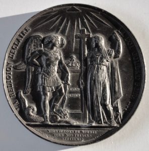 : « HENRI IV, LOUIS XVI, LOUIS XVII, M.ANTOINETTE, M.ELISABETH, LA H. DE R.CONDÉ Duc D'ENGHEIN ». Le tombeau est surmonté d'une urne tenue par la femme et y est inscrit « C.F.DUC DE BERRY XIV FEV 1820 » ; au revers « LA RELIGION L'ÉCLAIRE LA FOI COMBAT POUR LUI – NOUS JURONS DE MOURIR POUR NOS PRINCES LÉGITIMES ». Gravure représentant l'Archange Saint Michel terrassant le dragon, devant un tombeau surmonté de la couronne royale. Il y est inscrit la mention « À JAMAIS DEBOUT ». A droite du tombeau, une femme tient une croix. L'ensemble est surmonté de rayons du soleil.
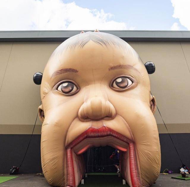 这个乐园以Stormi为主题,进场前就被巨大的Stormi充气头像给震住!和爸爸TravisScott去年的《Astroworld》的专辑封面一样,从Stormi的嘴巴走进去就是游乐园。
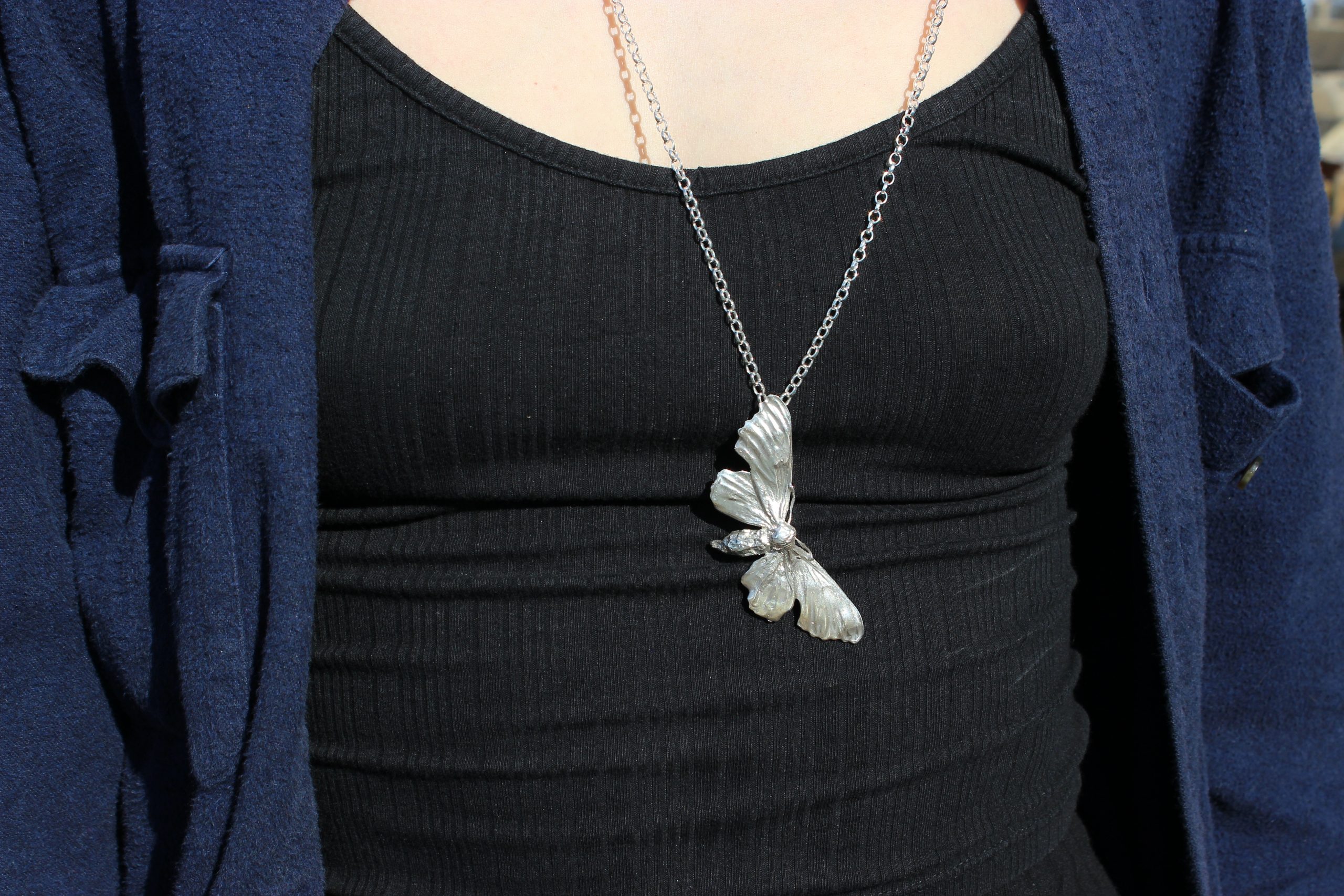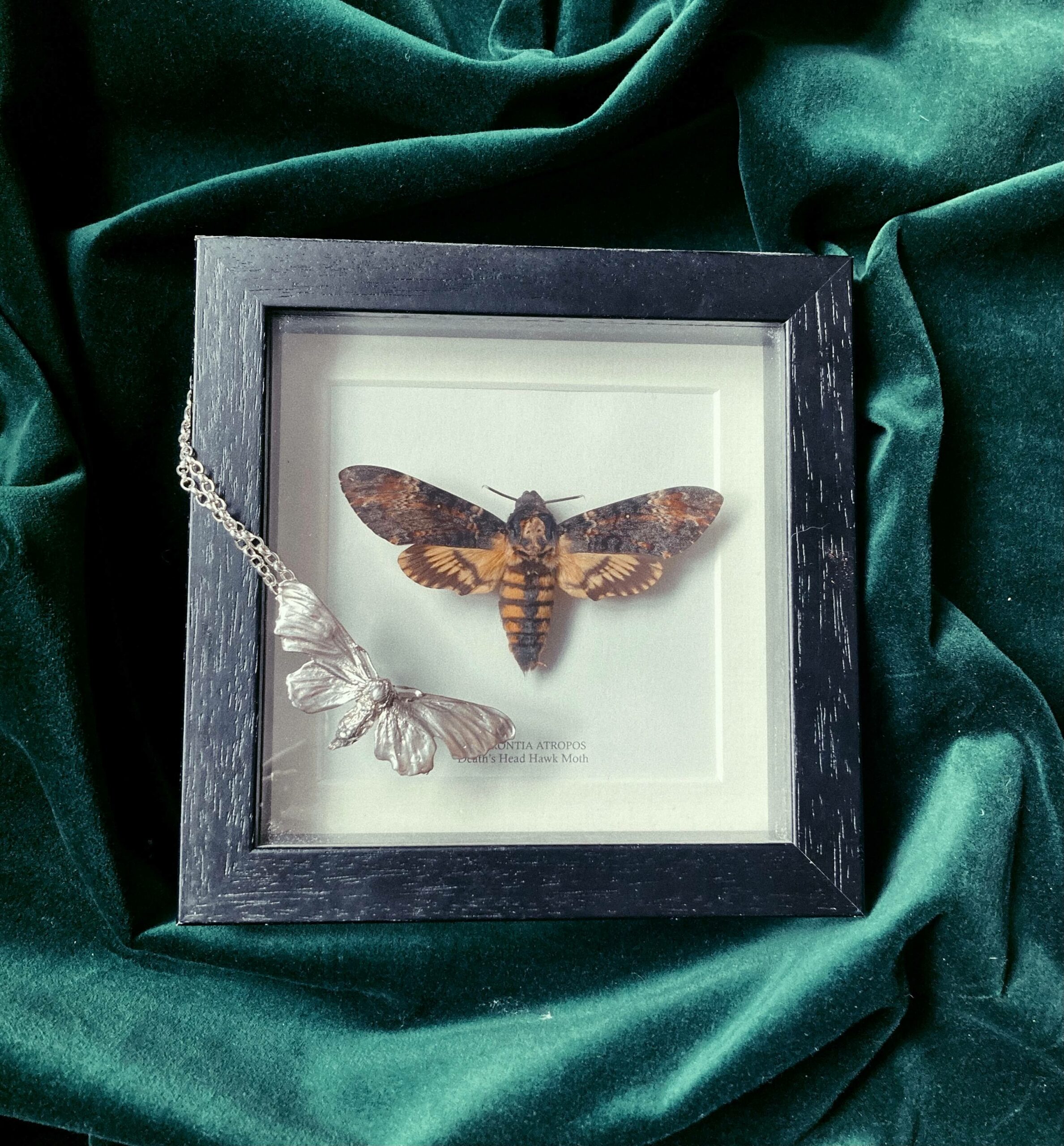 Hanging Hawk Moth Necklace (Silver or Silver Oxidised Finish)

■ **Exercise requirements**
Set down word for word, from the line that contains "这个乐园以Stormi为主题" to the end of the listing above, every line and no picture.

■ **Response**
 这个乐园以Stormi为主题,进场前就被巨大的Stormi充气头像给震住!和爸爸TravisScott去年的《Astroworld》的专辑封面一样,从Stormi的嘴巴走进去就是游乐园。
 Hanging Hawk Moth Necklace (Silver or Silver Oxidised Finish)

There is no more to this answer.